In vitro assembly and GTP hydrolysis by bacterial tubulins BtubA and BtubB

Abstract

Arecent study identified genuine tubulin proteins, BtubA and BtubB, in the bacterial genus Prosthecobacter. We have expressed BtubA and BtubB in Escherichia coli and studied their in vitro assembly. BtubB by itself formed rings with an outer diameter of 35-36 nm in the presence of GTP or GDP. Mixtures of BtubB and BtubA formed long protofilament bundles, 4-7 protofilaments wide (20-30 protofilaments in the three-dimensional bundle). Regardless of the starting stoichiometry, the polymers always contained equal concentrations of BtubA and BtubB, suggesting that BtubA and B alternate along the protofilament. BtubA showed negligible GTP hydrolysis, whereas BtubB hydrolyzed 0.40 mol GTP per min per mol BtubB. This GTPase activity increased to 1.37 per min when mixed 1:1 with BtubA. A critical concentration of 0.4-1.0 microM was indicated by light scattering experiments and extrapolation of GTPase versus concentration, thus suggesting a cooperative assembly mechanism.

Figure 1.

Negatively stained EM. (a) Rings formed by BtubB alone (5 μM). (b) A mixture of rings and protofilament bundles formed by BtubA + BtubB (5 μM each). Bar, 100 nm (for a and b). (c–e) Time-course EM for the polymerization of BtubA/B (1.2 μM each in HMK buffer) after addition of 200 μM GTP. (c) Short two-protofilament-wide bundles appear early in the reaction, 45 s. (d) At 2.5 min protofilament bundles are longer and add a third protofilament. (e) At 15 min protofilament bundles are longer and wider.

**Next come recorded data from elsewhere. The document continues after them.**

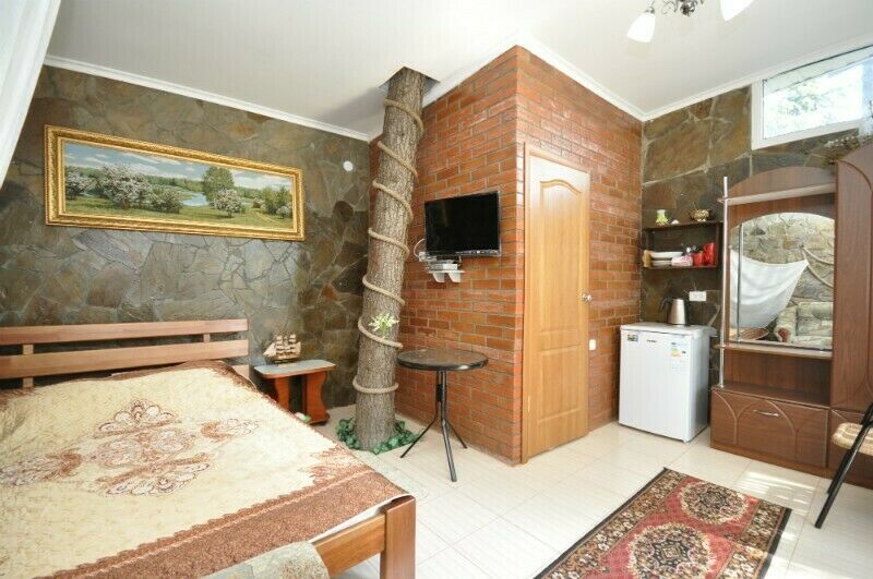 В номере растет настоящая сосна. Стены из природного крымского камня. Большие панорамные окна с видом на гору Кастель.
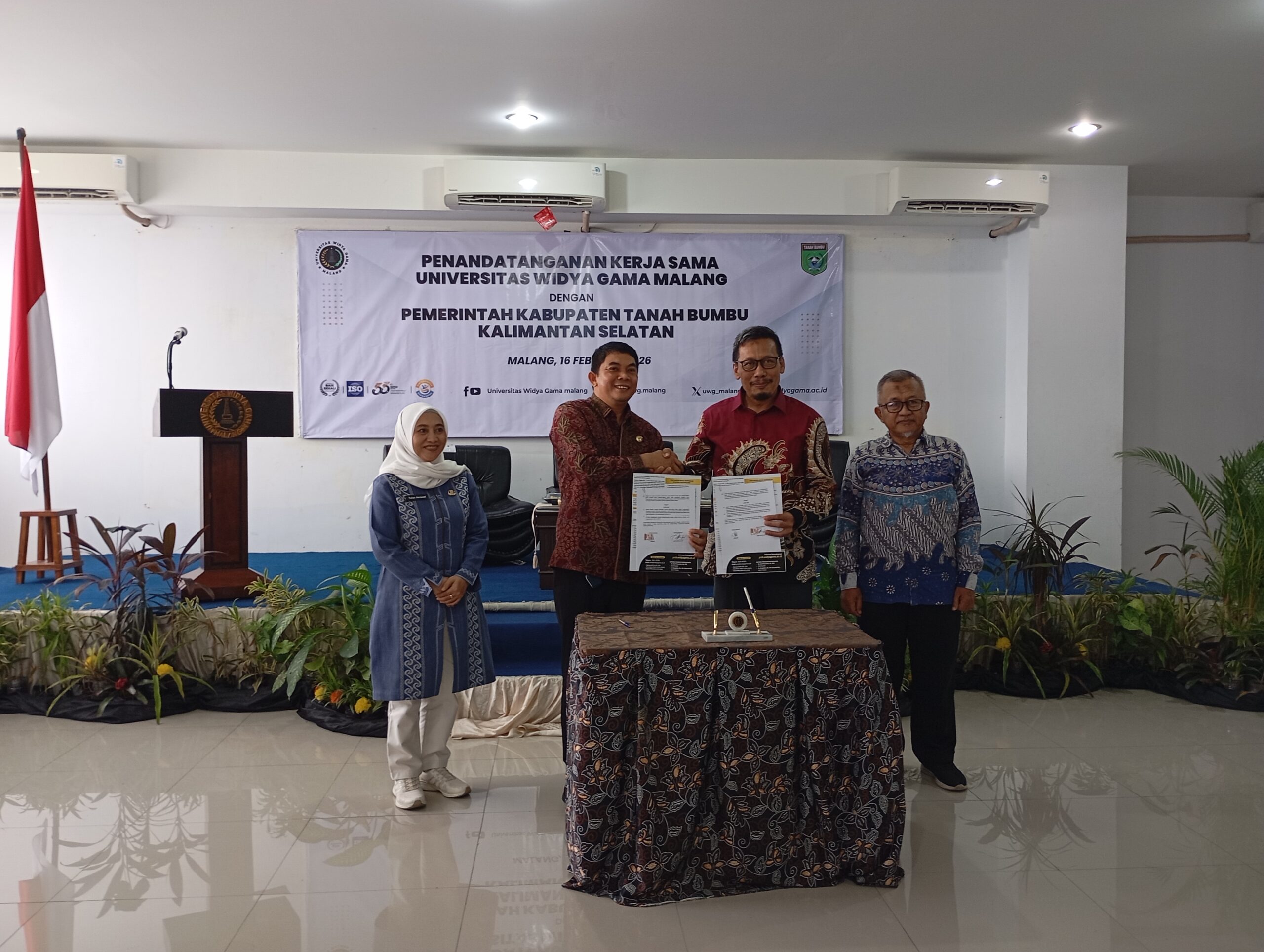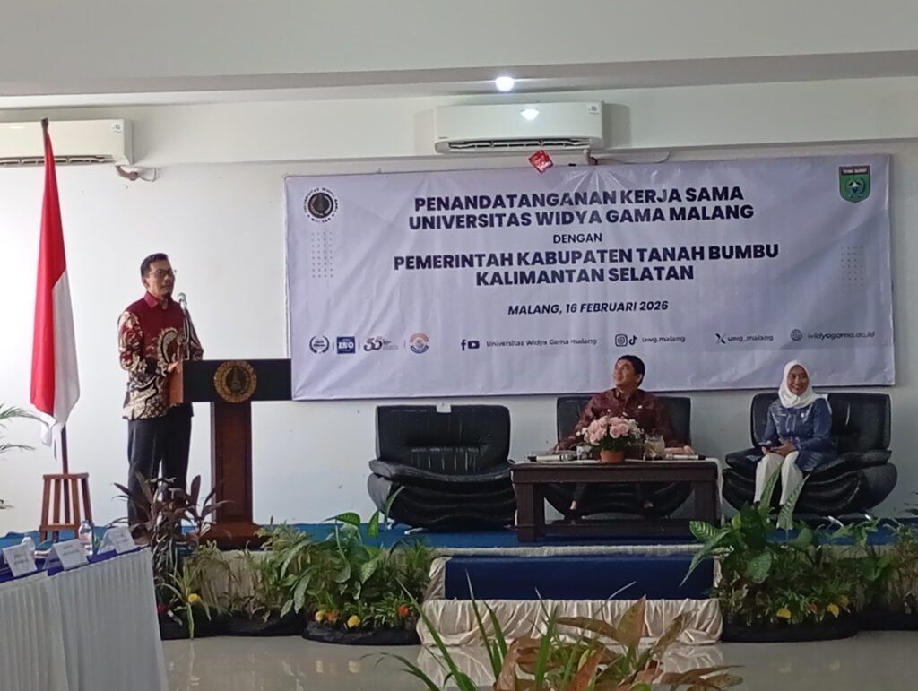 Malang, 16 Februari 2026 – Komitmen memperkuat kualitas sumber daya manusia (SDM) dan pengembangan riset daerah resmi ditegaskan melalui penandatanganan kerja sama antara UWG Malang dan Pemerintah Kabupaten Tanah Bumbu, Kalimantan Selatan.
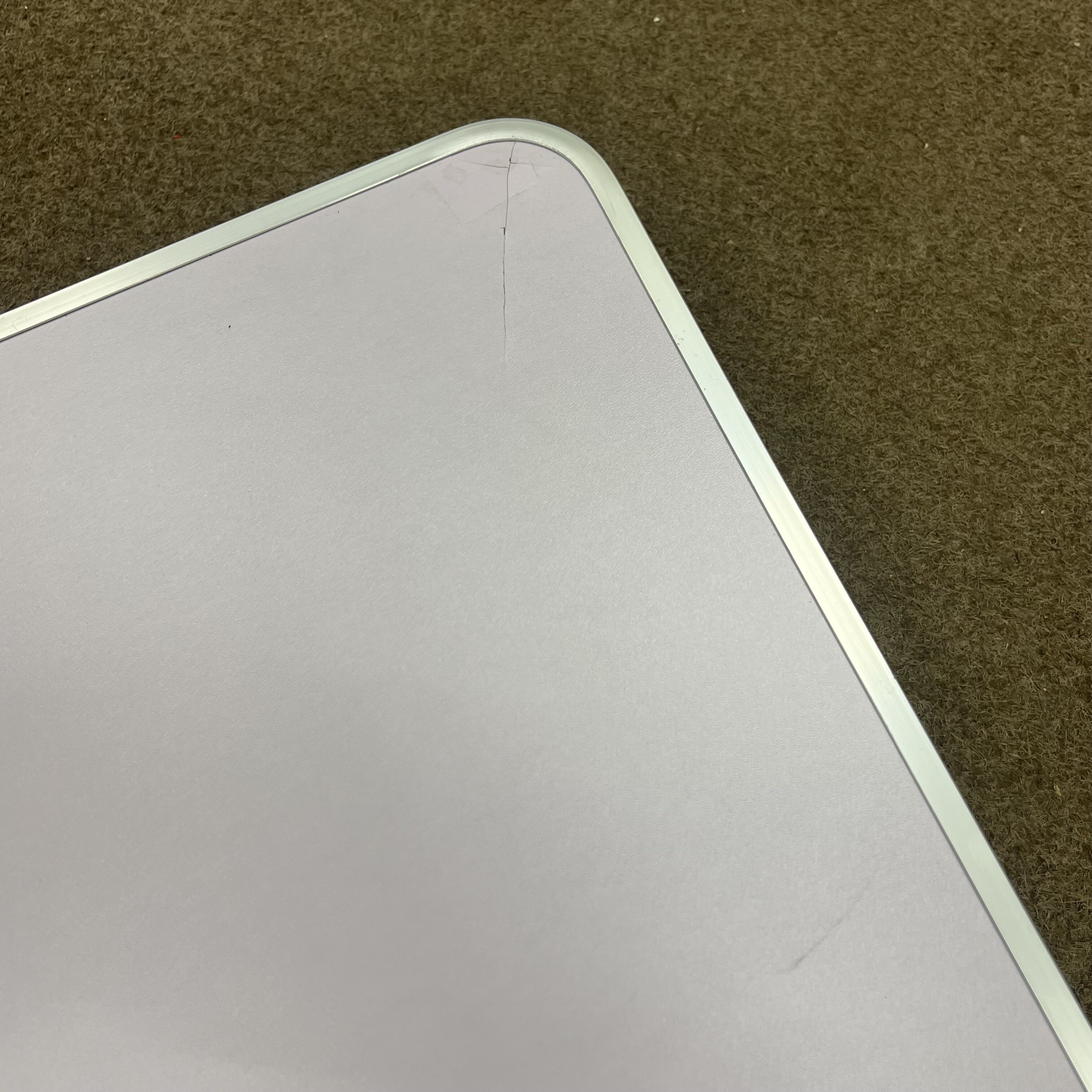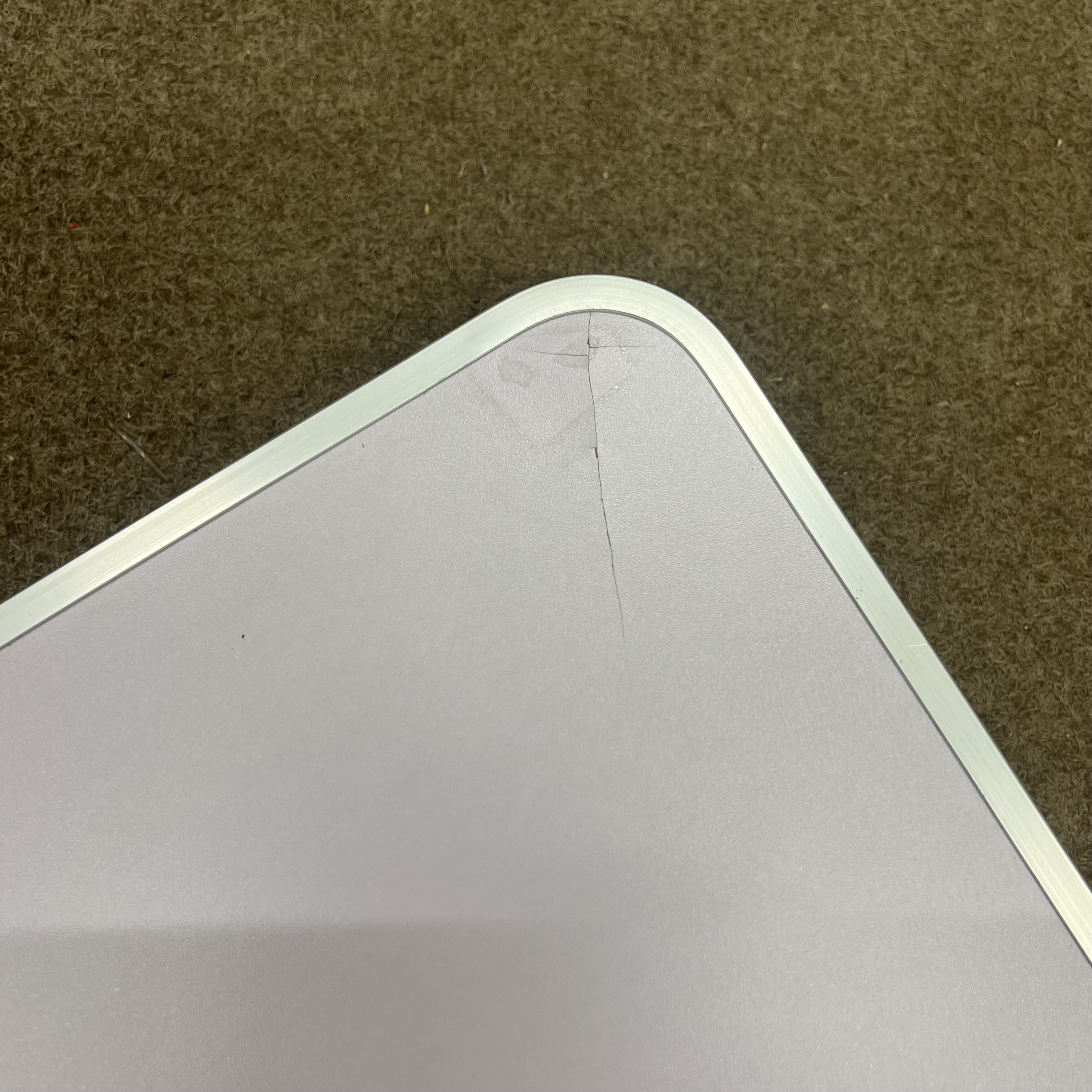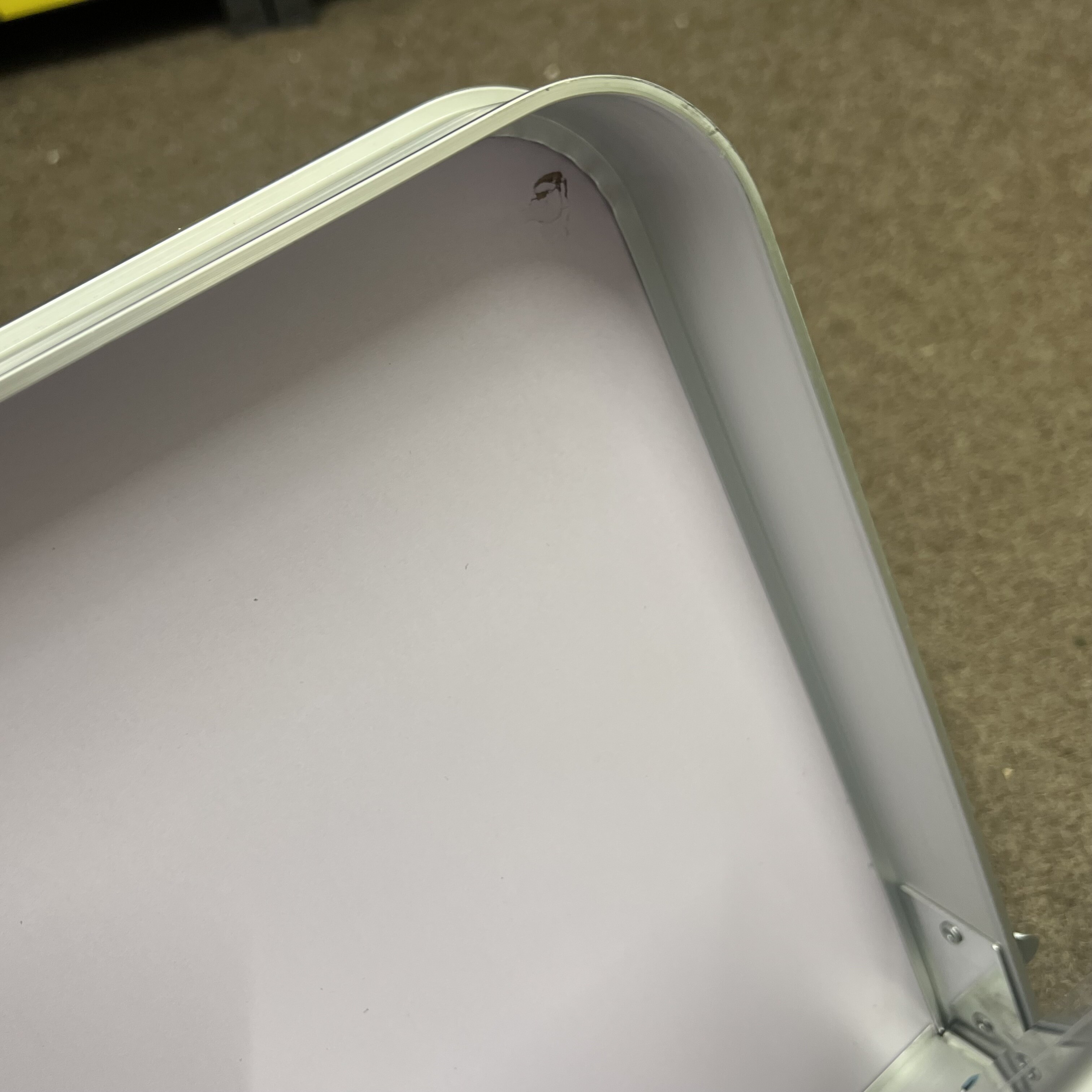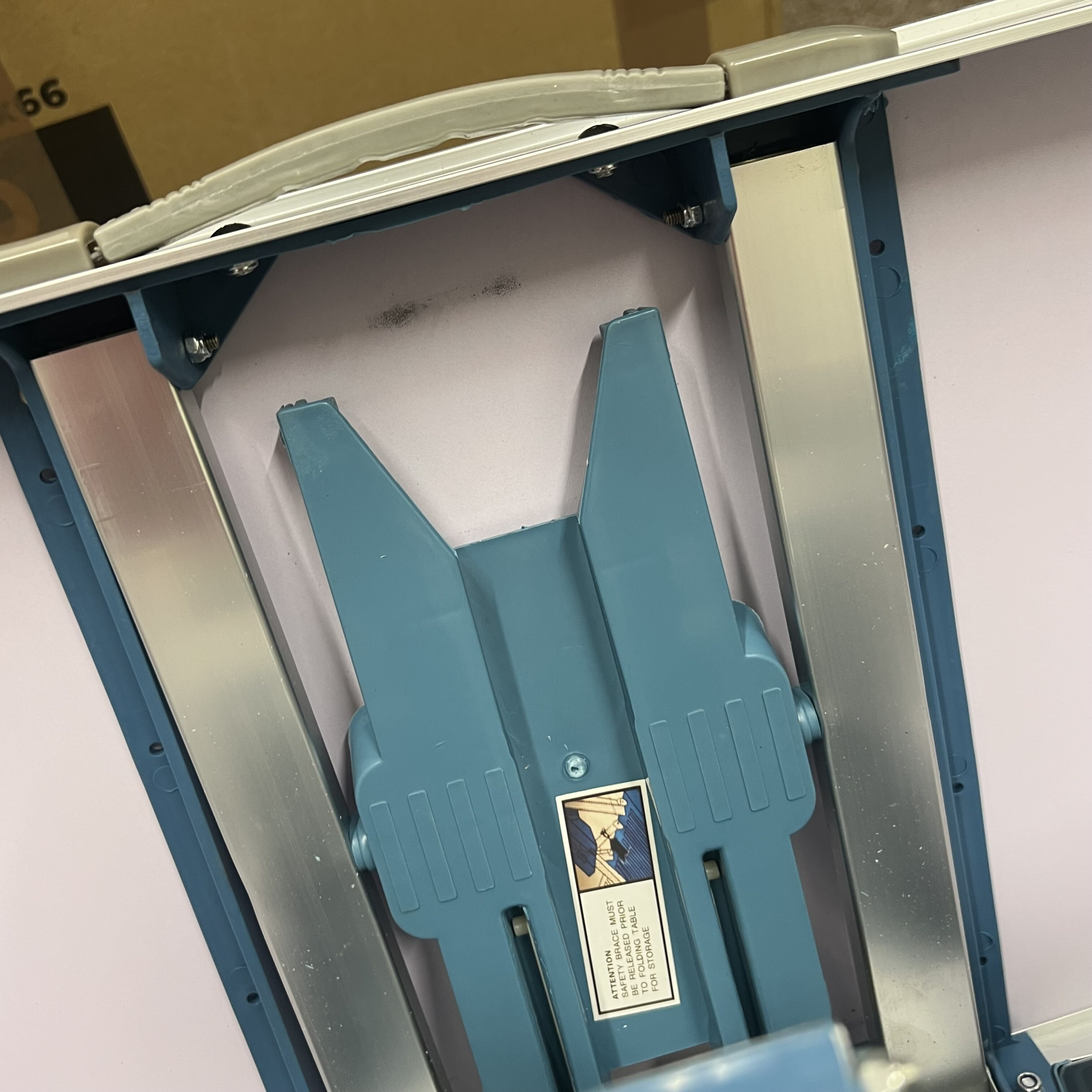 Kempingový stůl má na jednom rohu malou promáčklinu.

Bar, 200 nm (for c–e).

Figure 2.

Thin sections of BtubA/B polymers assembled in HMK buffer with 1 mM GTP. (a) A longitudinal section of protofilament bundles. (b) A cross section of protofilament bundles. Three bundles with an apparent lumen are shown in the three panels on the right. The bar represents 200 nm in a and b, and 25 nm in the three panels to the right of b.

Figure 3.

Assembly of BtubA/B at various molar ratios in HMK buffer with 1 mM GTP, assayed by pelleting polymers. (a) Starting material (SM), supernatants (SUP), and resuspended pellets (PEL) were analyzed by SDS-PAGE. (b) The same reactions (as shown in panel a) plus reactions in MM buffer, but showing only the resuspended pellets for clarity. BtubA and BtubB are at a 1:1 molar ratio in all polymerized (pelleted) fractions.

Figure 4.

GTPase activity and light-scattering studies of BtubA/B. (a) GTPase activity of BtubA/B in HMK buffer. The filled squares are BtubA; filled circles are BtubB; open squares, open circles, and open triangles represent three separate experiments with a 1:1 molar ratio of BtubA and BtubB. (b) BtubA and BtubB were mixed at 1:1 molar ratios in solution followed by the addition of 1 mM GTP at RT. Light-scattering data were collected at 350 nm and the plateau values were plotted versus the corresponding protein concentration. This plot represents the results from three separate experiments that were globally fit to a straight line. The line extrapolates to a critical concentration of 0.4 μM.

Figure 5.

Immunofluorescent staining of BtubA/B structures in vivo. E. coli expressing both BtubA and BtubB were grown and fixed with a mixture of PFA and glutaraldehyde. Images are from cells that were stained with anti-BtubB antibody. Cells were grown at 37°C with 0.01% arabinose to mid-log phase. Bar, 2 μm.